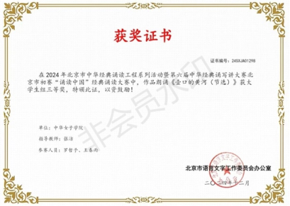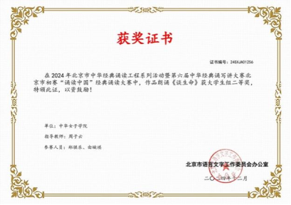 北京市中華經(jīng)典誦讀工程系列活動是中華經(jīng)典誦讀工程系列活動的重要組成部分。中華經(jīng)典誦讀工程是為深入貫徹習近平新時代中國特色社會主義思想和黨的十九大精神,落實中共中央辦公廳、國務院辦公廳印發(fā)的《關于實施中華優(yōu)秀傳統(tǒng)文化傳承發(fā)展工程的意見》,學習貫徹全國教育大會精神,切實發(fā)揮語言文字在傳承發(fā)展中華優(yōu)秀傳統(tǒng)文化、革命文化和社會主義先進文化中的重要作用,教育部、國家語委開展的活動。它也是《中華優(yōu)秀傳統(tǒng)文化傳承發(fā)展工程“十四五”重點項目規(guī)劃》中的項目。2019年開始舉辦,至今第六屆。播音與主持藝術專業(yè)屆屆參加,年年獲獎。六年以來,共獲獎近60項,年均獲獎近10項,其中獲獎師生獲全國總決賽一等獎1次、全國優(yōu)秀指導教師1次、全國總決賽三等獎2次、北京市一等獎6次。這既彰顯了我校播音與主持藝術專業(yè)國家級一流本科專業(yè)的專業(yè)人才培養(yǎng)實力,也充分體現(xiàn)了播音專業(yè)以中華優(yōu)秀傳統(tǒng)文化、革命文化、社會主義先進文化涵養(yǎng)青年學子的育人育德方面新作為、新成績。
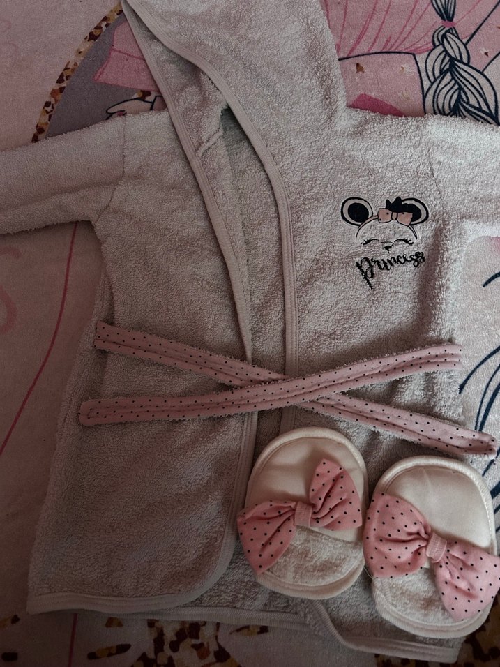 Kız çocukları için pastel pembe renkli, yumuşak örgü bornoz ve terlik seti. Bornoz kapüşonlu ve kuşaklı, üzerinde prenses işlemeli. Terlikler fiyonk detaylı.
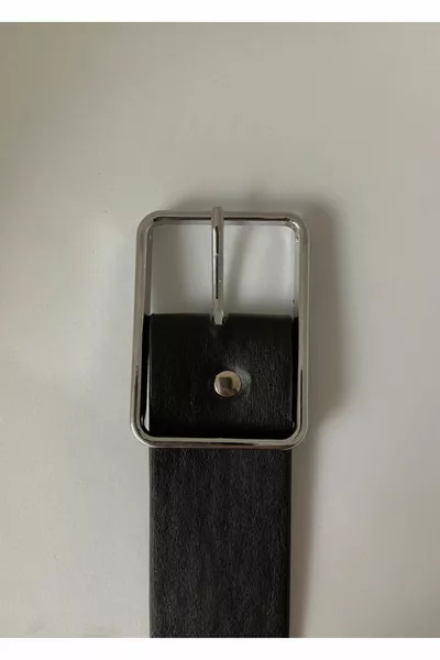 Ceinture à boucle argentée noire pour femme
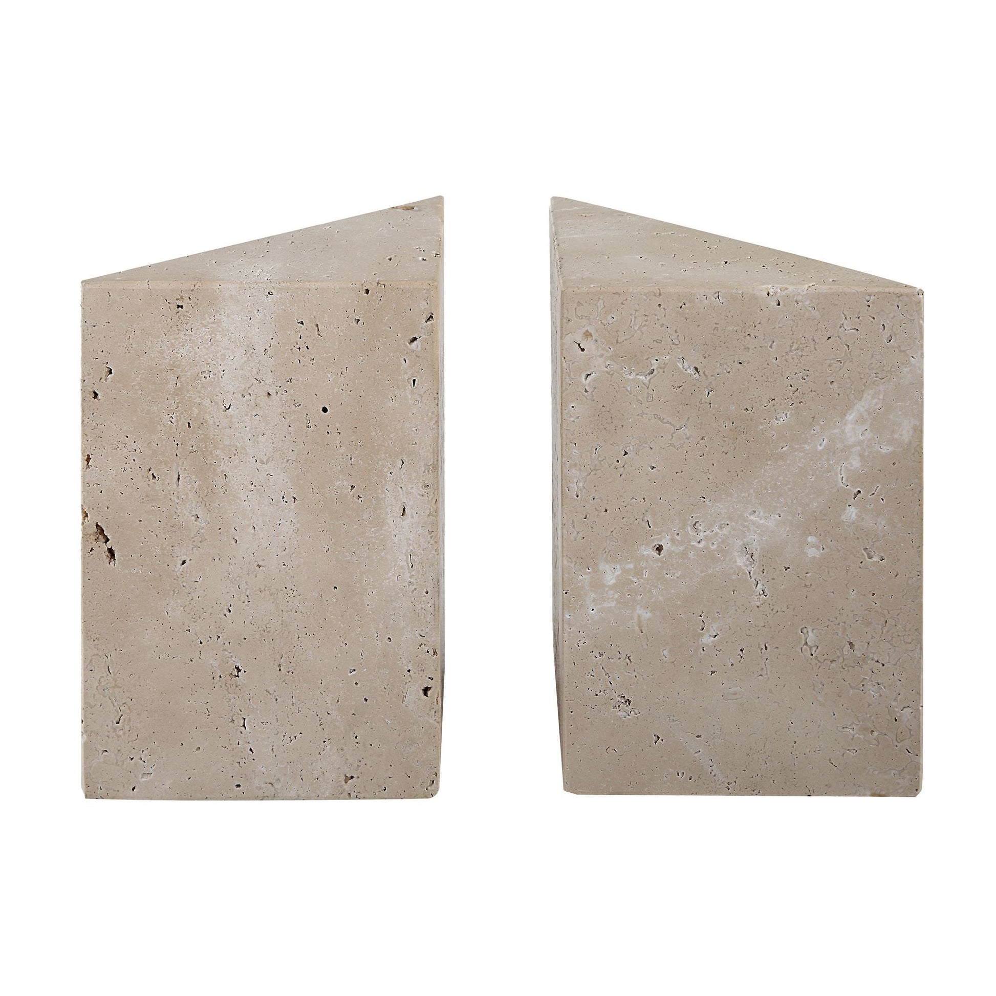 Thanks to its natural appeal and enduring charm, travertine is seeing renewed popularity in the world of interiors. A great fit in contemporary and transitional settings, this set of two travertine bookends will inject warmth, texture and visual interest to any bookshelf or table.
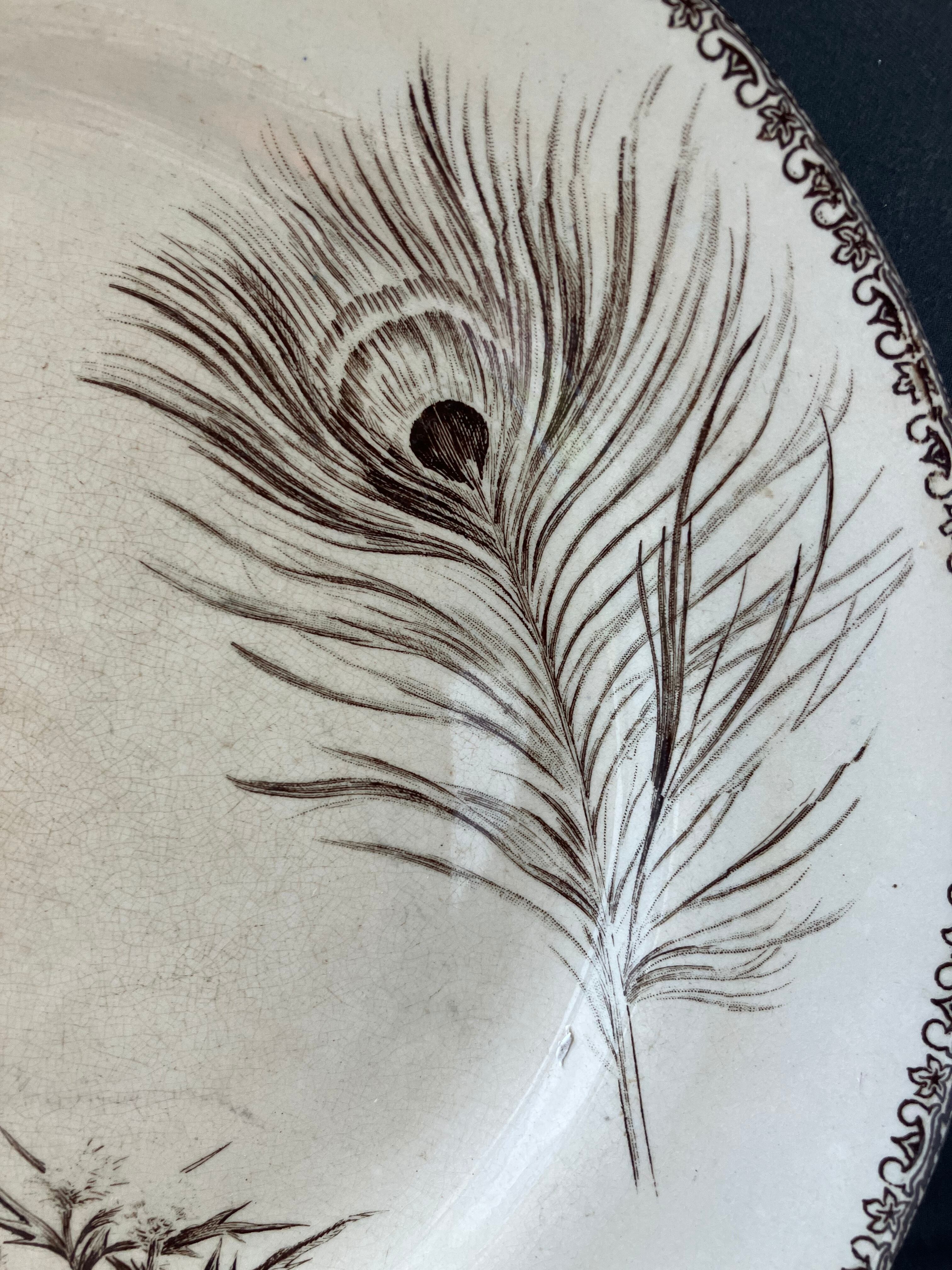 ・直径 23㎝ GRAND DEPOT 孔雀の羽根、アザミ、鴨、桃などが描かれたシノワズリのプレートです。5㎝のラインがあります。ご使用には問題ありません。ヒビカケはありません。フランスアンティーク。

┄┄┄┄┄┄

◆ The task ◆
With all pictures omitted, repeat every record above word for word.

◆ Exercise result ◆
 北京市中華經(jīng)典誦讀工程系列活動是中華經(jīng)典誦讀工程系列活動的重要組成部分。中華經(jīng)典誦讀工程是為深入貫徹習近平新時代中國特色社會主義思想和黨的十九大精神,落實中共中央辦公廳、國務院辦公廳印發(fā)的《關于實施中華優(yōu)秀傳統(tǒng)文化傳承發(fā)展工程的意見》,學習貫徹全國教育大會精神,切實發(fā)揮語言文字在傳承發(fā)展中華優(yōu)秀傳統(tǒng)文化、革命文化和社會主義先進文化中的重要作用,教育部、國家語委開展的活動。它也是《中華優(yōu)秀傳統(tǒng)文化傳承發(fā)展工程“十四五”重點項目規(guī)劃》中的項目。2019年開始舉辦,至今第六屆。播音與主持藝術專業(yè)屆屆參加,年年獲獎。六年以來,共獲獎近60項,年均獲獎近10項,其中獲獎師生獲全國總決賽一等獎1次、全國優(yōu)秀指導教師1次、全國總決賽三等獎2次、北京市一等獎6次。這既彰顯了我校播音與主持藝術專業(yè)國家級一流本科專業(yè)的專業(yè)人才培養(yǎng)實力,也充分體現(xiàn)了播音專業(yè)以中華優(yōu)秀傳統(tǒng)文化、革命文化、社會主義先進文化涵養(yǎng)青年學子的育人育德方面新作為、新成績。
 Kız çocukları için pastel pembe renkli, yumuşak örgü bornoz ve terlik seti. Bornoz kapüşonlu ve kuşaklı, üzerinde prenses işlemeli. Terlikler fiyonk detaylı.
 Ceinture à boucle argentée noire pour femme
 Thanks to its natural appeal and enduring charm, travertine is seeing renewed popularity in the world of interiors. A great fit in contemporary and transitional settings, this set of two travertine bookends will inject warmth, texture and visual interest to any bookshelf or table.
 ・直径 23㎝ GRAND DEPOT 孔雀の羽根、アザミ、鴨、桃などが描かれたシノワズリのプレートです。5㎝のラインがあります。ご使用には問題ありません。ヒビカケはありません。フランスアンティーク。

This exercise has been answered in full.